The RCSB PDB data-processing system has been designed to take full advantage of the features of the mmCIF metadata framework. The AutoDep Input Tool (ADIT) is an integrated data-processing system developed to support deposition, data processing and annotation of three-dimensional macromolecular structure data.

This system, which is outlined in Fig. 5.5.3.1, accepts experimental and structural data from a user for deposition. Data are input in the form of data files or through a web-based form interface. The input data can be validated in a very basic sense for syntax compliance and internal consistency. Other computational validation can also be applied, including checking the input structure data against a variety of community standard geometrical criteria and comparing the input experimental data with the derived structure model. The suite of validation software used within ADIT is distributed separately (http://sw-tools.pdb.org/apps/VAL/ ). All of this validation information is returned to the user as a collection of HTML reports.
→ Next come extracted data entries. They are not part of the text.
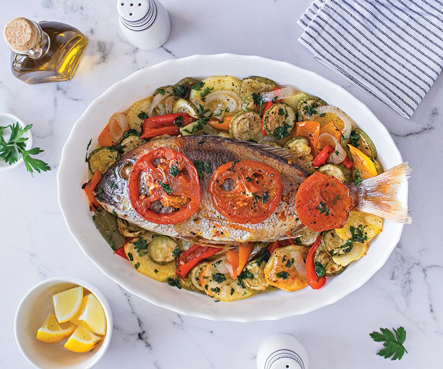 - Λαδώνουμε εξωτερικά το φαγκρί και το ακουμπάμε πάνω στα μισοψημένα λαχανικά. Τοποθετούμε λεπτές φέτες ντομάτας στην επιφάνεια του ψαριού, το περιχύνουμε με τα υγρά του ταψιού και συνεχίζουμε το ψήσιμο για 25 λεπτά ακόμα. Αφήνουμε το φαγητό να σταθεί για 10 λεπτά εκτός φούρνου για να πιει τα υγρά του και σερβίρουμε.
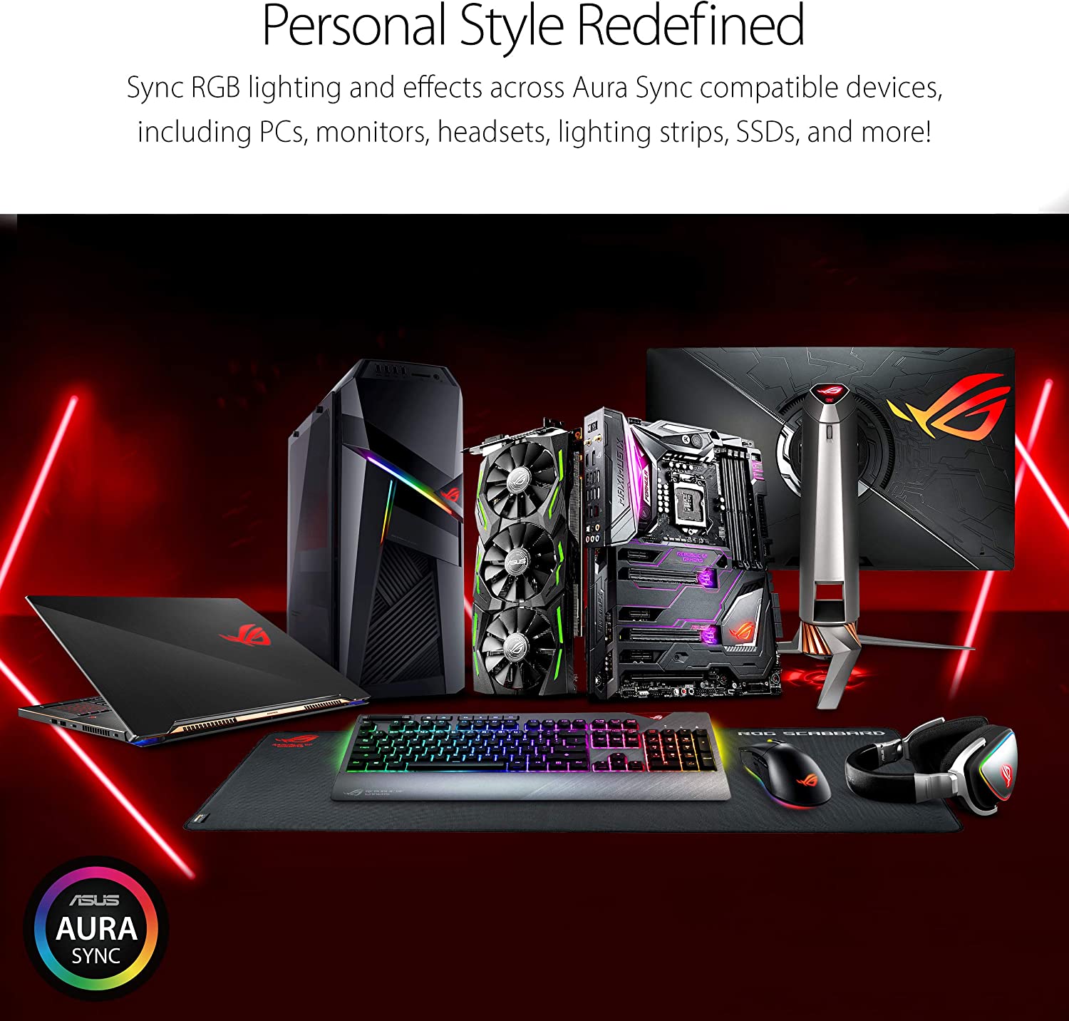 PERSONALIZED PLAY SETTINGS – Features ASUS Aura Sync & ROG Armoury II support for customization of audio profiles, lighting effects & more across all Aura Synced devices, including keyboard, mouse pad, and other gaming accessories
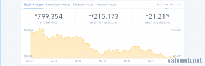 BTC、ひさびさの80万円割れ。上昇要因無きか
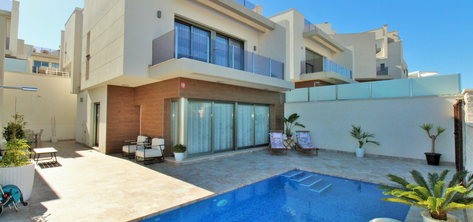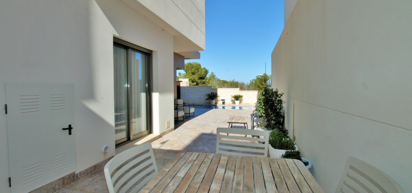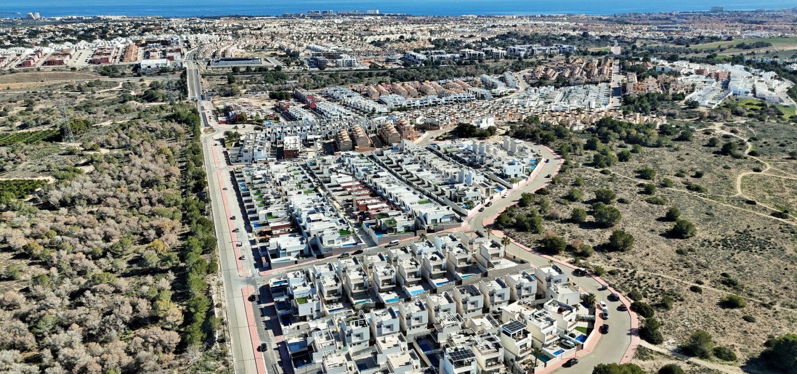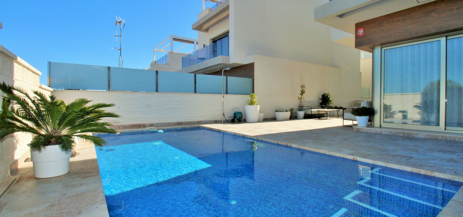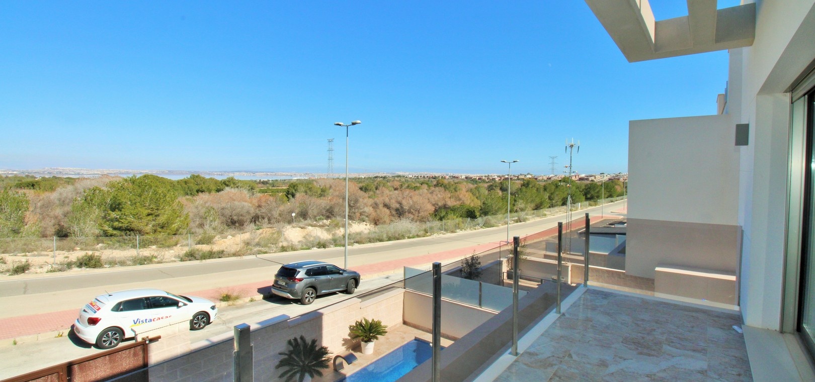 Cette luxueuse et moderne villa individuelle de 3 chambres et 3 salles de bains est située dans le quartier Pau 26 de Villamartin. Achevée en 2023, cette belle villa offre une piscine privée, un parking hors route avec une grande terrasse en L, un balcon avant et un immense solarium sur le toit offrant une vue sur la mer et les lacs salés de Torrevieja. Le rez-de-chaussée comprend un salon-salle à manger lumineux et aéré avec une cuisine moderne sur mesure avec des appareils intégrés (four, micro-ondes, lave-vaisselle, réfrigérateur-congélateur...), une chambre en bas avec placards intégrés (actuellement utilisée comme bureau/2ème salon) et une salle de bain en bas avec douche à l'italienne. De grandes portes coulissantes du salon vous mènent directement à la piscine. A l'étage, il y a 2 chambres doubles avec placards intégrés, toutes deux offrant des salles de bains privatives avec douches à l'italienne, ainsi qu'un accès au balcon avant. Depuis le palier, vous pouvez accéder à l'immense solarium sur le toit, offrant une vue imprenable sur les lacs salés de Torrevieja, la mer et les environs. La propriété est vendue avec des meubles de haute qualité, des appareils électroménagers et bénéficie d'autres extras, notamment le chauffage au sol dans toutes les salles de bains, la climatisation canalisée dans tout l'appartement, des stores électriques, un éclairage LED et un panneau solaire pour l'eau chaude. Situé à seulement 1 km d'un supermarché ALDI et du centre commercial Via Park III, offrant une gamme de bars, restaurants et autres services, dont une pharmacie. La place Villamartin et le parcours de golf se trouvent à quelques minutes en voiture, ainsi que les plages Pavillon bleu d'Orihuela Costa et le célèbre centre commercial Zenia Boulevard.

Figure 5.5.3.1 | top | pdf |

Functional diagram of the ADIT system.

In addition to providing data-validation reports, ADIT also encodes data in archival data files and loads data into a relational database. The loading of data into the relational database is aided by an expert annotator. The ADIT system customizes its behaviour according to the user's requirements. One important distinction is between the behaviour of the interface provided for depositing data and that of the interface used for annotating the data. The depositor is focused only on data collection and provides the simplest possible presentation of the information to be input. The annotator sees the detail of all possible data items as well as the full functionality of the supporting data-processing software and database system.

Although the ADIT system was originally developed to support the centralized data deposition and annotation of macromolecular structure data, it is not limited to these particular applications. Because the architecture of the ADIT system derives the full scope of information to be processed from a data dictionary, the system can transparently provide data input and processing functionality for any content domain. This feature has been exploited in building a data-input tool for the BioSync project (Kuller et al., 2002). The ADIT system can also be configured in workstation mode to provide single-user data collection and processing functionality. This version of the ADIT system as well as the supporting mmCIF parsing and data-management tools are currently distributed by the RCSB PDB under an open-source licence (http://sw-tools.pdb.org/apps/ADIT ).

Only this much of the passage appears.